Third is the idea of industrial policy — the idea that the government should set out to secure certain resources and deploy them in a concentrated way. We’re now seeing the government really step up and move a remarkable number of vaccinations. That’s a good sign for the notion that the government does have a really important role to play in the economy.

This also reminded me to discuss Rachel Cohen’s excellent Times op-ed from last week that went into how the pandemic opened up the political world for more progressive policies.

Nearly 70 percent of states ordered bans on utility shut-offs, and more than half did so for evictions. Mayors authorized car-free streets to make cities safer for pedestrians, and the federal government nearly tripled the average unemployment benefit. Within weeks, states eliminated extortionist medical co-pays for prisoners and scrapped bail. New Jersey passed a bill that released more than 2,200 incarcerated people all at once.
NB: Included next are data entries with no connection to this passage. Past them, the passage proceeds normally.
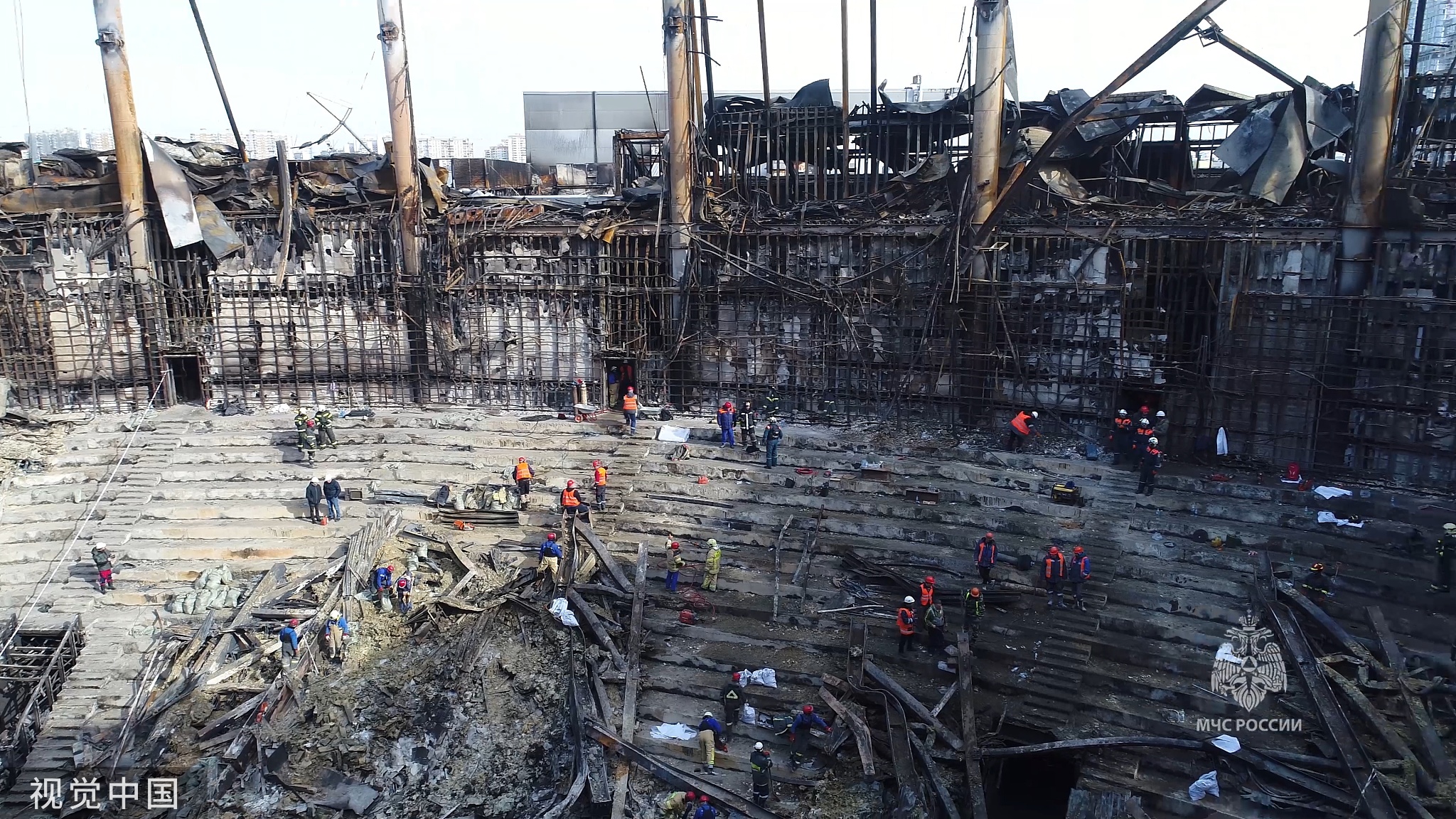 當地時間3月25日,莫斯科州遇襲音樂廳的瓦礫清理工作基本結束 圖源:視覺中國
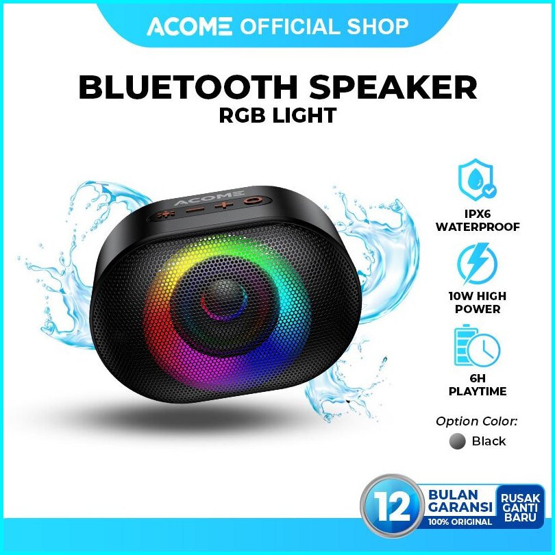 Acome Speaker Bluetooth Super Bass High Power 5.0 10w Ipx6 Waterproof Rgb Light Rhyme Rave Party A10
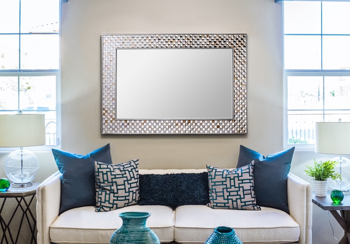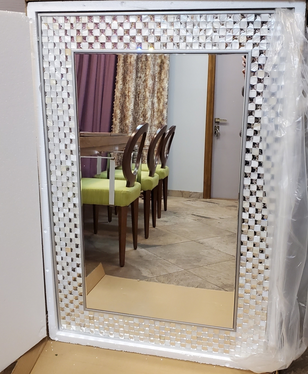 Прямоугольное дизайнерское зеркало Chiara фабрики Schuller. Эффектная рама собрана из небольших квадратиков перламутра и зеркального стекла с огранкой в двойном обрамлении узкой серебристой окантовки. Центральное зеркало по периметру украшает декоративный фацет. Основание из МДФ серебряного цвета подготовлено для навески в горизонтальном либо вертикальном положении. Купить зеркала фабрики Schuller с быстрой доставкой по Москве либо отправкой в Санкт-Петербург и другие города России можно в нашем интернет-магазине. Возникают вопросы? Пишите либо звоните, будем рады помочь с подбором зеркал и светильников.
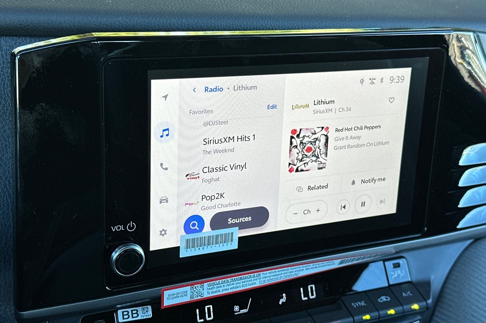 - AM/FM radio: SiriusXM
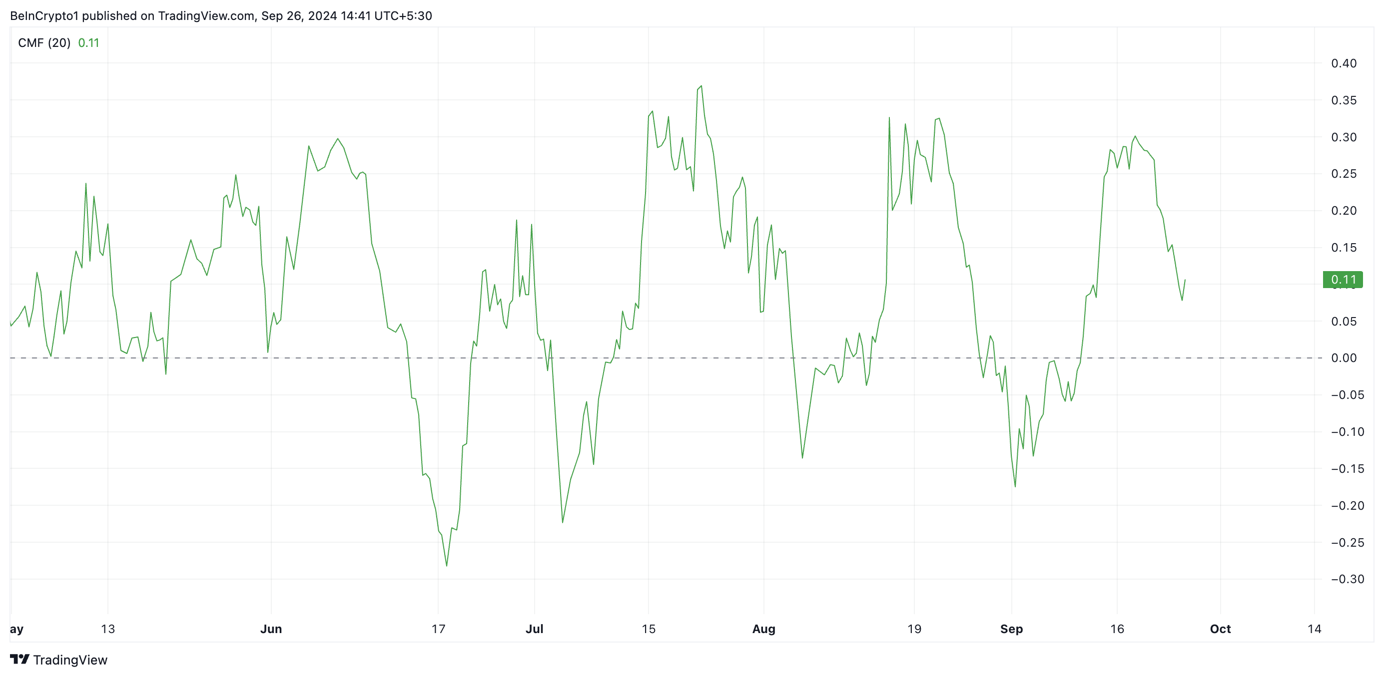 9월 21일 이후로 BNB의 차이킨 머니 플로우(CMF)는 지속적으로 감소하고 있습니다. 현재 BNB의 CMF는 0.12로 하락 추세에 있습니다.
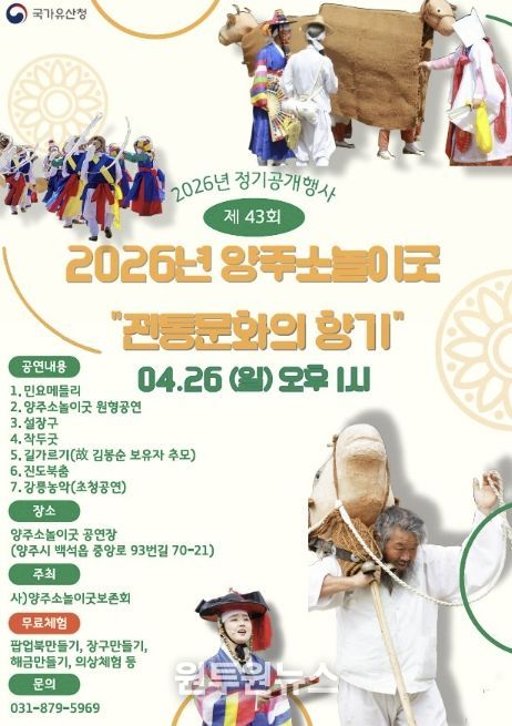 (원투원뉴스) 양주시는 국가유산청의 지원을 받아 ‘제43회 양주소놀이굿 정기공개행사’를 오는 26일 오후 1시, 양주소놀이굿 전수교육관 공연장에서 개최한다고 밝혔다.
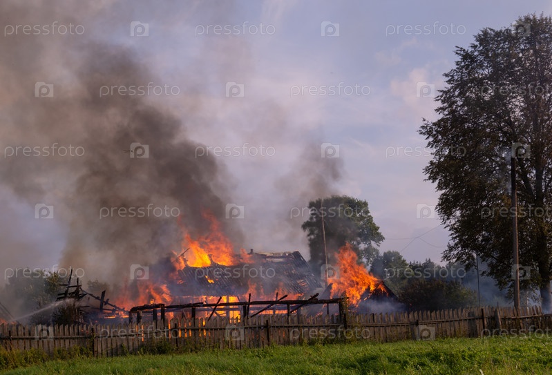 Пожар в деревне. Горят деревянные дома в селе Ранцево Тверской области. Огонь в деревне. Горящие деревянные дома в селе Ранцево, Тверская область
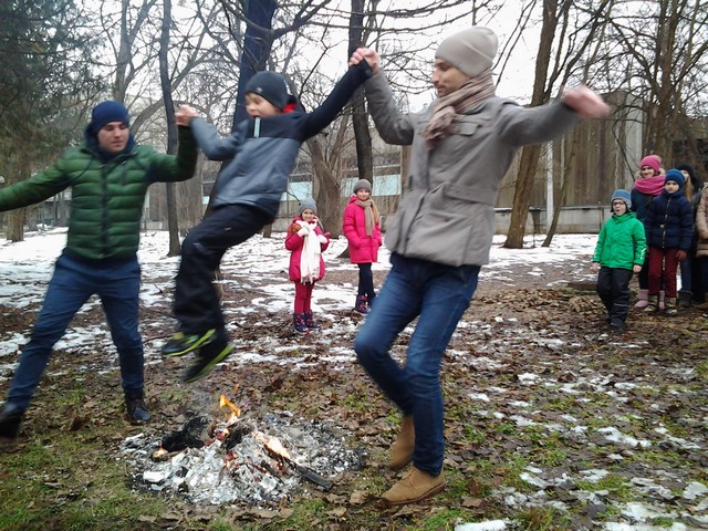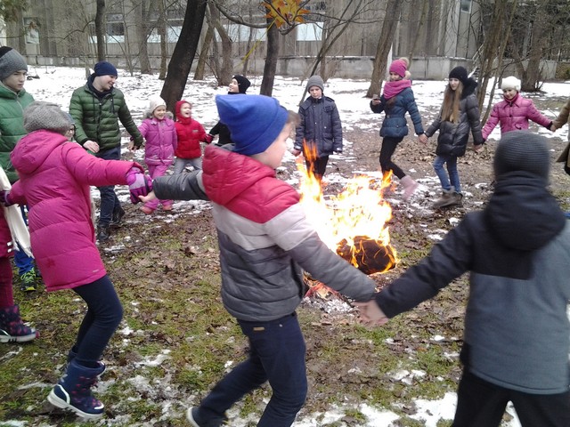 Продолжение Масленичных гуляний: зимние народные игрища, х ороводы с песнями и плясками, прыжки через костер, загадывание желаний на колесе прощаний с зимой.
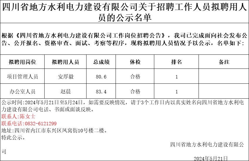 四川省地方水利電力建設(shè)有限公司關(guān)于招聘工作人員擬聘用人員的公示名單
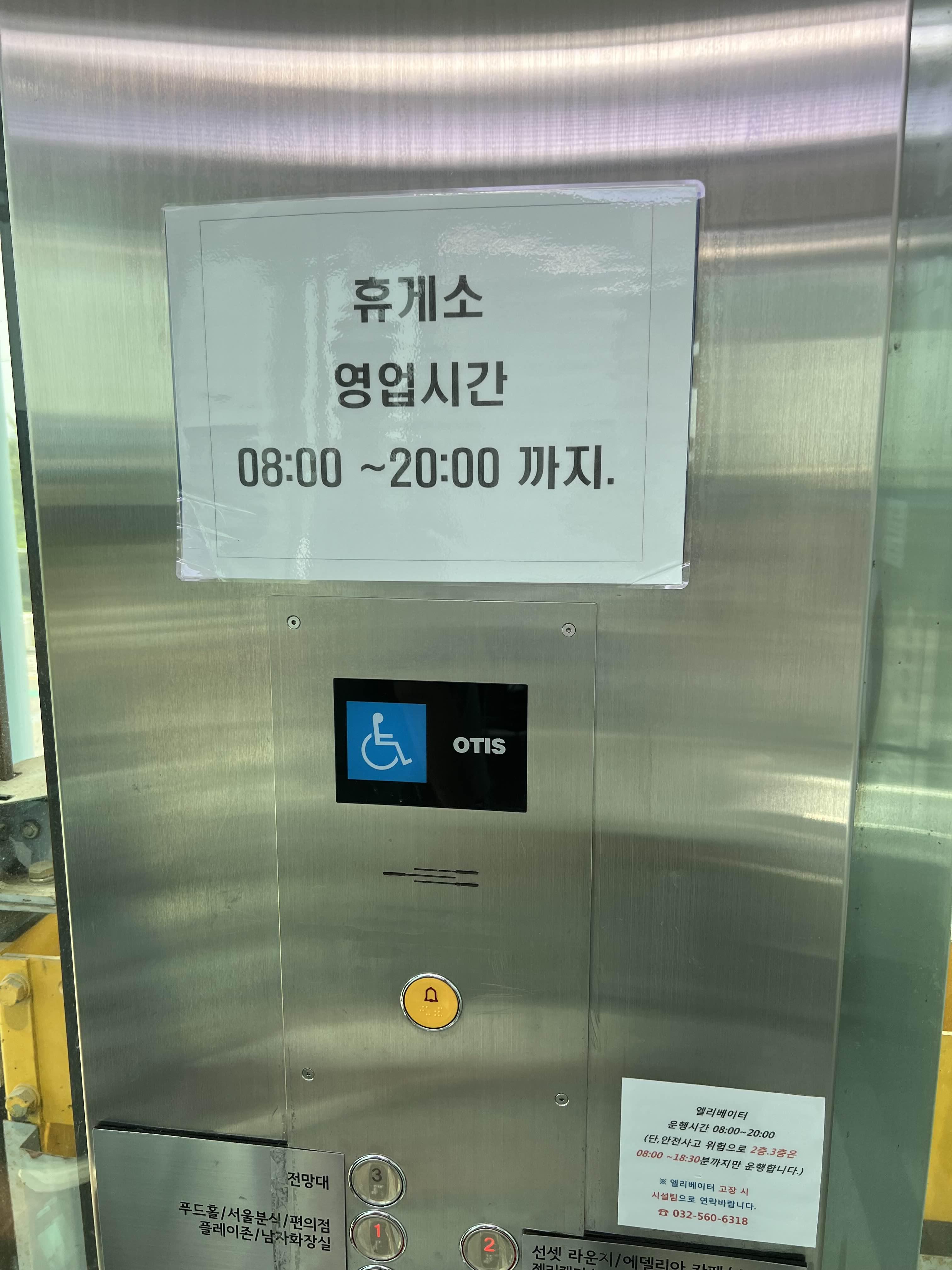 엘리베이터 내부에는 휴게소 영업시간이 안내되어 있습니다. 영종대교 휴게소의 영업시간은 08:00부터 20:00까지입니다.

The pandemic has been a long nightmare, but those were progressive pipe dreams turned reality. The arrival of the coronavirus, along with the wide-scale economic shutdowns to slow its spread, forced American policymakers to admit that a new world wasn’t just possible — it was necessary.

While the United States ultimately failed to deliver a coordinated response to the pandemic and millions of people are still struggling, there are important lessons here. Over the past several months, I’ve interviewed dozens of activists and policy professionals who have recounted stories of politics shifting quickly on issues they have worked on for years. Measures that were once viewed as likely to cause a spike in crime or a collapse of the housing market, or that were considered just too expensive or simply impractical have, in fact, worked out pretty well.

All of this is really important. For decades, the official Beltway wisdom was that progressive priorities were unrealistic, too expensive, not popular. As it turns out–this isn’t true at all! Which we already knew. What we needed was pressure and organizing to push for these policies so that when a situation developed where the political winds shifted, we would be ready to take advantage. The decade since Occupy Wall Street redirected the American conversation on inequality has been a slow struggle for the left to figure out politics, priorities, organizing, how to move beyond slogans to make change. And even though Joe Biden up to January 2021 is no one’s idea of a progressive leader, he’s done a great job (except on foreign policy) because he’s responsive to the pressure that has developed.

What the left needs to do now is continue to build, to organize both inside and outside the electoral political process, to develop both sophisticated political networks and direct action, to create and fight for ever more aggressive policy proposals to fix this nation and the world. It’s at least possible that we will see the pandemic as a historical shifting point on our economy and politics. It’s far, far, far too early to know this. But it’s at least a plausible vision of the future that did not exist in 1995 or 2002 or 2010.